(Records drawn from a dataset)
----------
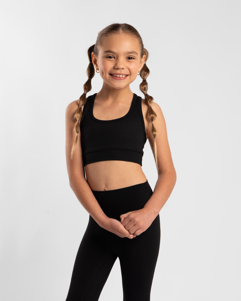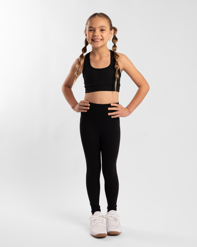 Introducing our Kids Racer Crop in Onyx. Same great fabric and fit as our Women’s Core Collection. Tailored to Kids sizes 6-14. Perfect for Dance Schools, Gymnastics, Athletics & Cheer Squads!
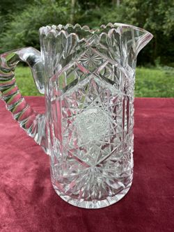Vintage Heavy Cut Crystal Water Pitcher with Swirls, Sunburst Star and a Sawtooth Pattern$30Mint Hill, NC
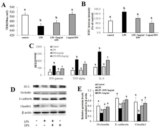 EPS-1 Protected intestinal barrier integrity from the disruption by LPS in Caco-2 monolayer. (A) The changes of transepithelial electrical resistance (TER) before and after treatment with LPS (10 μg/mL) and/or EPS-1 (2 mg/mL) for 24 h in Caco-2 monolayer. (B) FITC-dextran (4 kDa) permeability measurement in 21-day cultured Caco-2 monolayer after LPS and/or EPS-1 treatment. (C) The levels of pro-inflammatory cytokines in the Caco-2 cells from each treatment group. (D) Protein expression of Occludin, E-cadherin and Claudin1 in the Caco-2 cells from each treatment group. (E) Relative protein levels of Occludin, E-cadherin and Claudin1 in Caco-2 cells normalized to β-actin. Values with different superscript letters (a, b, c) are significantly different (p < 0.05).
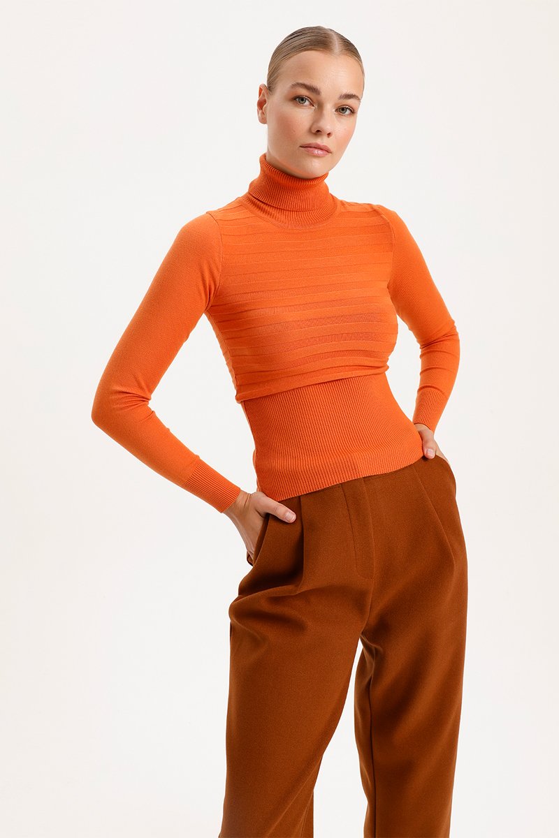 O modelo mede 1,79 m e veste o artigo no tamanho S.
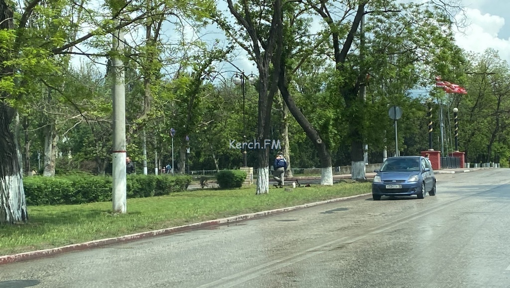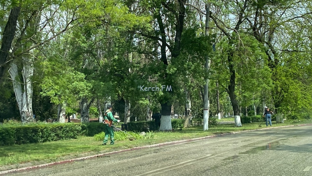 В Керчи 19 мая на улице Кирова косили траву. Работы проводили вдоль дороги, от здания администрации и в сторону сквера «Лётчиков».
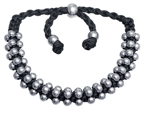 Stainless Steel Bracelet WITH S/S BEADS WITH COTTON STRING (BLACK/BLUE/YELLOW/RED)
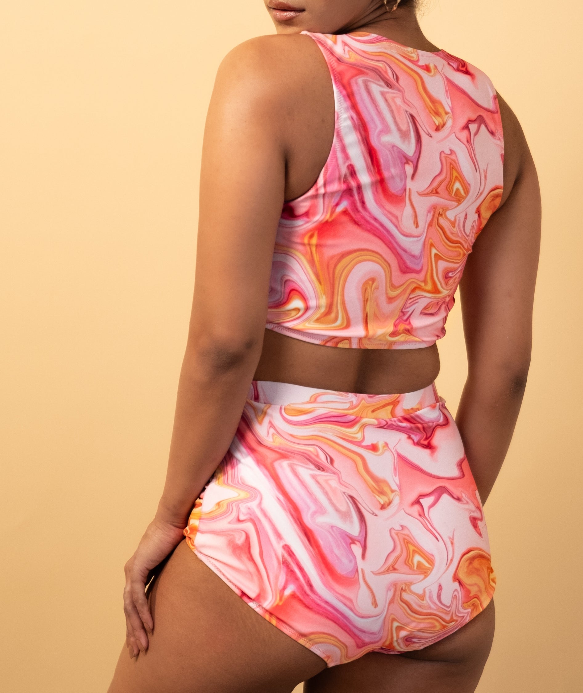 Romance meets rhythm in our Rose Rhapsody Swim Set — a swirl of blush pinks, coral tones, and golden accents that mirror the beauty of marbled art. The twisted front design with a gold embellishment gives a luxe lift to the top, while the high-waisted ruched bottoms enhance your curves and provide confident coverage. Whether you're lounging poolside or catching waves, this suit makes a bold yet feminine statement.
----------
=== Instructions for the task ===
Return the stretch of data that begins with the line showing "В Керчи 19 мая" and goes on through the line showing "Stainless Steel Bracelet", exactly, with pictures removed.

=== Task answer ===
 В Керчи 19 мая на улице Кирова косили траву. Работы проводили вдоль дороги, от здания администрации и в сторону сквера «Лётчиков».
 Stainless Steel Bracelet WITH S/S BEADS WITH COTTON STRING (BLACK/BLUE/YELLOW/RED)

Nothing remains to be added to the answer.